[Work task] Repeat every record exactly, but omit the images.
======== Provided data
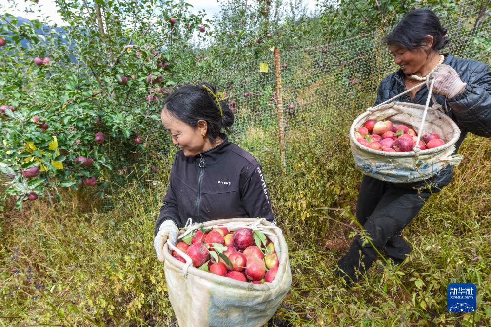 10月13日,在鄉城縣“蘋果+藏豬”種養循環現代農業園區內的有機蘋果種植示範基地,當地藏族群眾太(左)和洛絨抱着採摘的蘋果下山。
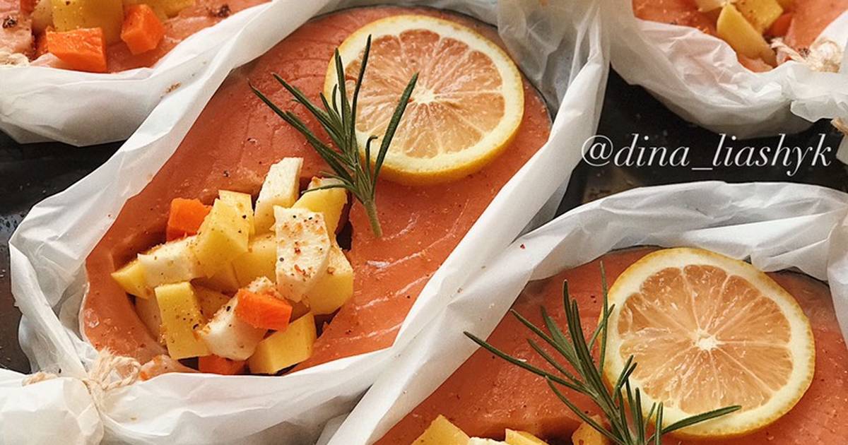 Стейк сёмги в бумажной лодочке с овощами - пошаговый рецепт с фото.
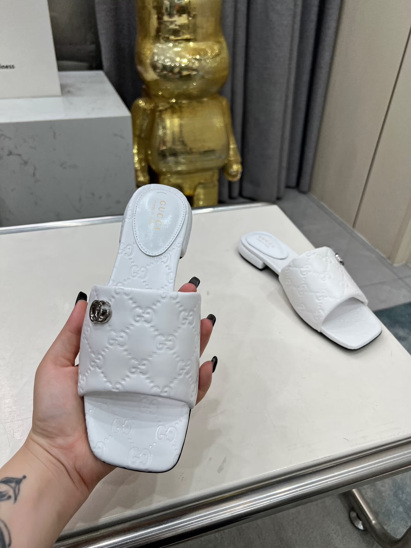 這款鞋子是AAAAA 1:1 質量(非常棒). 使用了和原版一模一樣的材料. 商標部分也保持了和古奇/Gucci一樣. 圖片拍攝是實物鞋子拍攝, 您所收到的實物保證和我們圖片一模一樣.
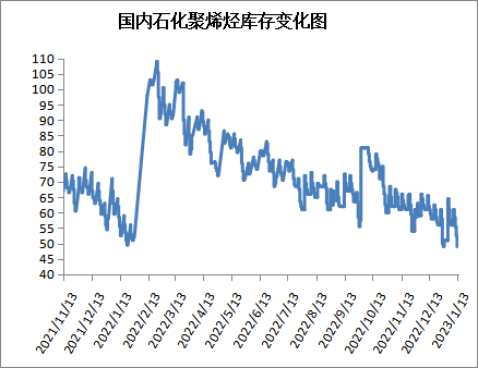 截至1月13日石化聚烯烃库存在49万吨,较上周减少7万吨,石化库存下降明显。主要是因为临近春节假期,贸易商积极完成计划;再加上下游工厂备货尾声,宏观提振下,贸易商多推涨谨慎,出货为主,市场资源顺利转移到下游手中,两油库存去化明显。
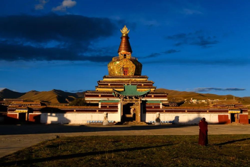 早餐后前往莲宝叶则,这是一处逐渐被人们了解的秘境,这里的冬季更值得你一去。冬季莲宝叶则的海子都会结成蓝冰,天气好的话太阳会将冰面上的积雪晒掉,这个时候蓝冰就会暴露出来,在蓝天下航拍冰面真的很美。各莫寺应该是自驾路线中最惊艳的一个点,而且网上所有的行程里几乎都不会去到这里,它是三大格鲁派寺庙之一。
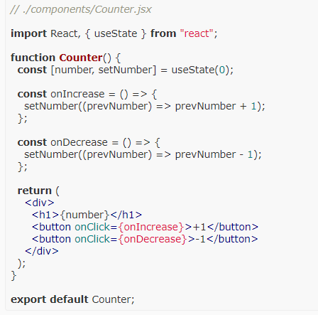 - 함수 컴포넌트에서 상태 관리를 할 때 사용
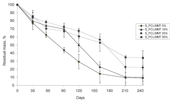 The biodegradation of polymer granules in soil occurs due to microbial activity, which depends on the ability of bacteria to produce enzymes which can facilitate the scission of complex polymer bonds. It was assumed that the inclusion of MMT in the PCL granules would correlate with mass loss of the granules and decrease the time for their degradation. However, according to the data on the mass loss of the S_PCL/MMT composite granules (Figure 10) obtained from the solution, we observed the opposite effect. Within 30 days, there were no significant differences in the residual masses between the granules with different MMT content. After 56 days, the S_PCL/MMT 5% granules degraded more rapidly, and on the 90th day, the residual mass of granules was 43.6%. In contrast, the equivalent values for S_PCL/MMT 10%, S_PCL/MMT 25% and S_PCL/MMT 50% were 69.8, 72.4 and 67.1%, respectively. On the 120th day of the experiment and up to the end, the S_PCL/MMT 5% granules appeared to demonstrate the greatest mass loss and degraded by 91.0%. The S_PCL/MMT 10% granules also degraded by 89%. The least rapid degradation from the 56th day and up to the end of the experiment was demonstrated for the S_PCL/MMT 50% and the S_PCL/MMT 25% granules. On the 245th day, the degrees of degradation for these granules were 66.0 and 73.4%, respectively. The corresponding residual masses were 34 and 26.6%.
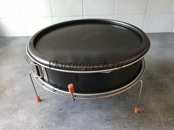 Форму с тестом необходимо прокрутить несколько раз по часовой стрелке. Таким образом, удастся избежать появления слишком высокой шапочки при выпечке.
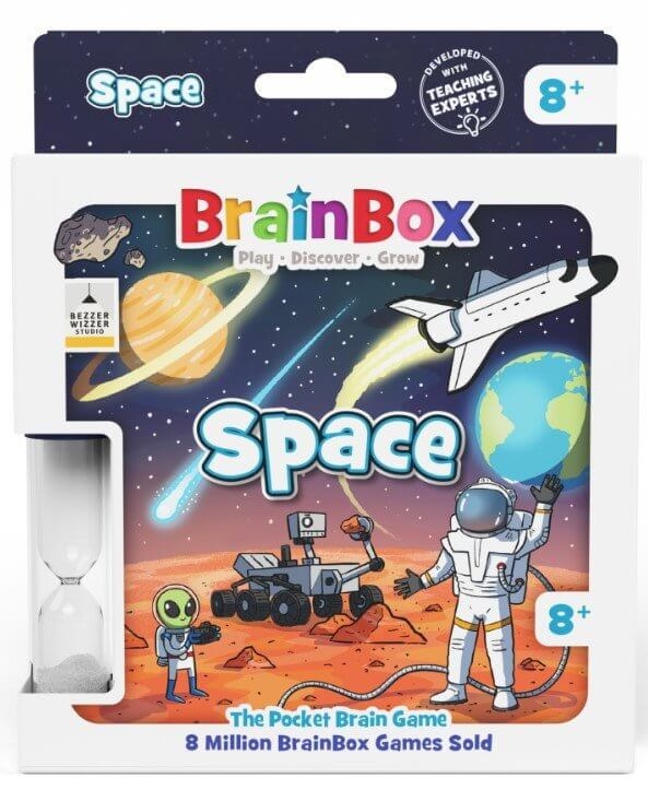 BrainBox Espaço contém 25 cartas de jogo ilustradas à mão, ricas em detalhes, para aprender sobre o universo, a história da exploração espacial e, quem sabe... alienígenas! O formato portátil permite que o jogo seja aproveitado em casa ou durante viagens.
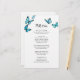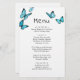 Blue romantic exotic beautiful butterflies. Elegant modern wedding menu.
================
[Answer section]
 10月13日,在鄉城縣“蘋果+藏豬”種養循環現代農業園區內的有機蘋果種植示範基地,當地藏族群眾太(左)和洛絨抱着採摘的蘋果下山。
 Стейк сёмги в бумажной лодочке с овощами - пошаговый рецепт с фото.
 這款鞋子是AAAAA 1:1 質量(非常棒). 使用了和原版一模一樣的材料. 商標部分也保持了和古奇/Gucci一樣. 圖片拍攝是實物鞋子拍攝, 您所收到的實物保證和我們圖片一模一樣.
 截至1月13日石化聚烯烃库存在49万吨,较上周减少7万吨,石化库存下降明显。主要是因为临近春节假期,贸易商积极完成计划;再加上下游工厂备货尾声,宏观提振下,贸易商多推涨谨慎,出货为主,市场资源顺利转移到下游手中,两油库存去化明显。
 早餐后前往莲宝叶则,这是一处逐渐被人们了解的秘境,这里的冬季更值得你一去。冬季莲宝叶则的海子都会结成蓝冰,天气好的话太阳会将冰面上的积雪晒掉,这个时候蓝冰就会暴露出来,在蓝天下航拍冰面真的很美。各莫寺应该是自驾路线中最惊艳的一个点,而且网上所有的行程里几乎都不会去到这里,它是三大格鲁派寺庙之一。
 - 함수 컴포넌트에서 상태 관리를 할 때 사용
 The biodegradation of polymer granules in soil occurs due to microbial activity, which depends on the ability of bacteria to produce enzymes which can facilitate the scission of complex polymer bonds. It was assumed that the inclusion of MMT in the PCL granules would correlate with mass loss of the granules and decrease the time for their degradation. However, according to the data on the mass loss of the S_PCL/MMT composite granules (Figure 10) obtained from the solution, we observed the opposite effect. Within 30 days, there were no significant differences in the residual masses between the granules with different MMT content. After 56 days, the S_PCL/MMT 5% granules degraded more rapidly, and on the 90th day, the residual mass of granules was 43.6%. In contrast, the equivalent values for S_PCL/MMT 10%, S_PCL/MMT 25% and S_PCL/MMT 50% were 69.8, 72.4 and 67.1%, respectively. On the 120th day of the experiment and up to the end, the S_PCL/MMT 5% granules appeared to demonstrate the greatest mass loss and degraded by 91.0%. The S_PCL/MMT 10% granules also degraded by 89%. The least rapid degradation from the 56th day and up to the end of the experiment was demonstrated for the S_PCL/MMT 50% and the S_PCL/MMT 25% granules. On the 245th day, the degrees of degradation for these granules were 66.0 and 73.4%, respectively. The corresponding residual masses were 34 and 26.6%.
 Форму с тестом необходимо прокрутить несколько раз по часовой стрелке. Таким образом, удастся избежать появления слишком высокой шапочки при выпечке.
 BrainBox Espaço contém 25 cartas de jogo ilustradas à mão, ricas em detalhes, para aprender sobre o universo, a história da exploração espacial e, quem sabe... alienígenas! O formato portátil permite que o jogo seja aproveitado em casa ou durante viagens.
 Blue romantic exotic beautiful butterflies. Elegant modern wedding menu.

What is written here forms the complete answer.